The home on Prospect Street in Flint needs a new roof and carpeting and the plumbing has been ripped out, says Megie, a broker with Realty Executive Main Street LLC in Lapeer, Michigan, who sells Fannie Mae-owned homes. The house was originally listed for sale in April, he says.

"Two years ago I didn't have any Fannie Mae properties and now it's probably pushing 50% of what I have listed," Megie says. Fannie Mae is fixing vandalized homes instead of "just dumping them to investors," he says.

Bruce Norris, a builder and real estate investor in Riverside, California, estimates about 15% of foreclosed houses have been intentionally damaged.

"Banks can't fix all the homes because they just have too many," says Norris, president of Norris Group, referring to all owners of repossessed homes and not specifically to the government-sponsored enterprises.

The longer it takes to sell a house, the lower the profit will be, says Dean C. Williams, chief executive officer of Williams & Williams Worldwide Real Estate Auction in Tulsa, Oklahoma. It costs creditors such as Fannie Mae 2% of the value of the property every month in taxes, insurance, utilities, lost revenue, maintenance, management and cleanup after vandalism, Williams estimates.

"This problem is not just how it affects the credit markets, it's how it affects neighborhoods," Williams says. "We use the word `blight.' It becomes a reinforcing vicious circle in terms of the value of ownership. Now the value of ownership is increasingly a negative return."

Fannie Mae owns or guarantees $51.2 billion of subprime loans, those given to borrowers with bad credit histories, a category that makes up about 2% of its total mortgage holdings, according to the company's Web site. Subprime mortgages default at five times the rate of prime mortgages, according to the Mortgage Bankers Association in Washington.

Alt-A mortgages

Fannie Mae also owned or guaranteed $344.6 billion of Alt-A mortgages, which are granted without full documentation of a borrower's income. Those loans represent about 13% of the company's holdings.

Less than 1% of its loans, or $20.6 billion, are payment-option adjustable-rate mortgages that let borrowers pay less than they owe each month, with the unpaid balance added to the principal.

Freddie Mac's inventory of foreclosed homes also is rising. The value of single-family properties that McLean, Virginia-based Freddie Mac held in the first quarter rose to $2.2 billion from $871 million a year earlier, according to a regulatory filing. The company acquired 9,939 homes in the quarter, sold 5,914 and owned 18,419 properties at the end of March.

Freddie Mac's real estate is managed and sold by a network of 1,800 brokers coordinated by its HomeSteps division in Carrollton, Texas, according to spokesman Brad German. HomeSteps spends an average of $5,000 on repairs to each house, German says.

Freddie Mac-owned properties spend an average of 152 days on the market and typically sell for 92% of the listed price, usually about 30% less than the peak prices of 2006, says Ingrid Beckles, vice president of servicing and asset management. The company re-evaluates prices every two weeks, she says.

"We are very careful to ensure our properties are not driving market values down and they show well," Beckles says. "Our challenge is like everyone else's from a volume perspective: maximize recovery and minimize credit losses, and balance that with making sure we're not driving down property values and not destabilizing neighborhoods."
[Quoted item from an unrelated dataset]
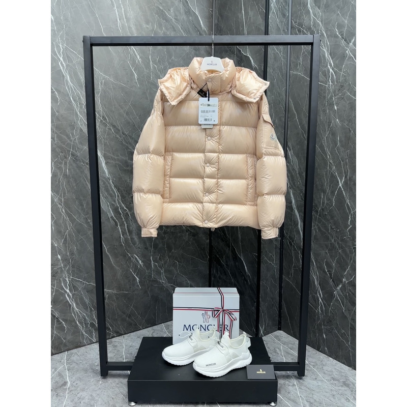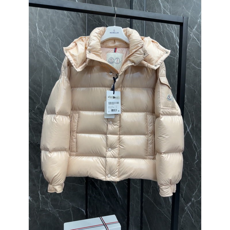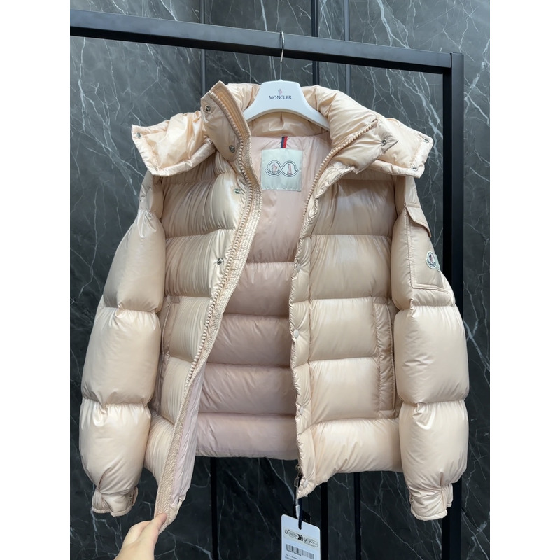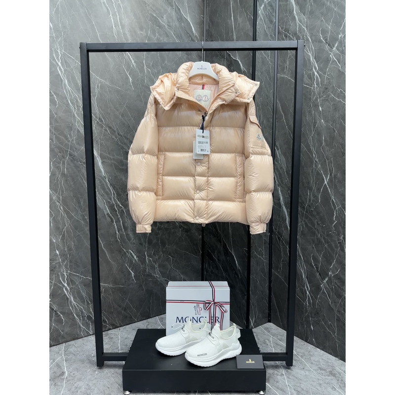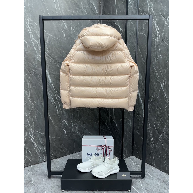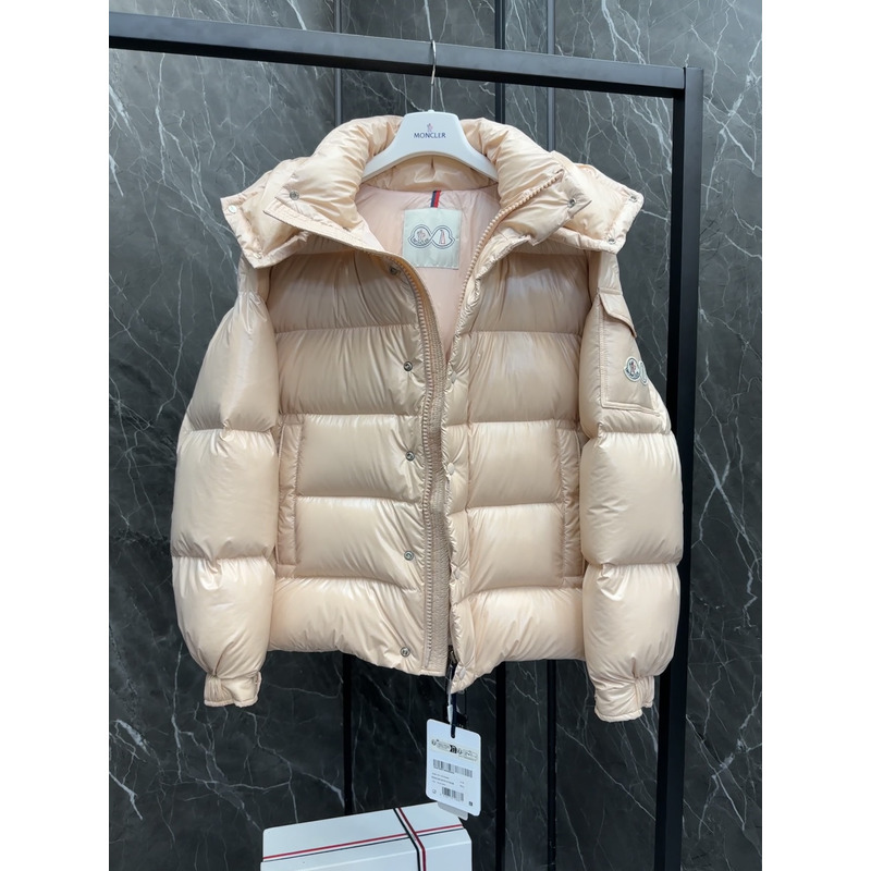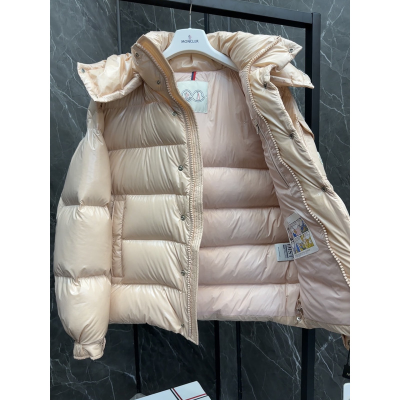 Moncler Hooded Short Down Jacket In Beige

Part of the difficulty for all owners of foreclosed property, and not just Fannie Mae, is a shortage of qualified agents in the field who can sell the homes efficiently, says Jesse Ramirez, a broker associate at Re/Max Partners Real Estate in Corona, California.

"They are all recent college grads without experience," Ramirez says. "They have 300 files each and they're overwhelmed. They don't understand how the typical transaction goes. These people didn't have jobs two years ago, not doing this."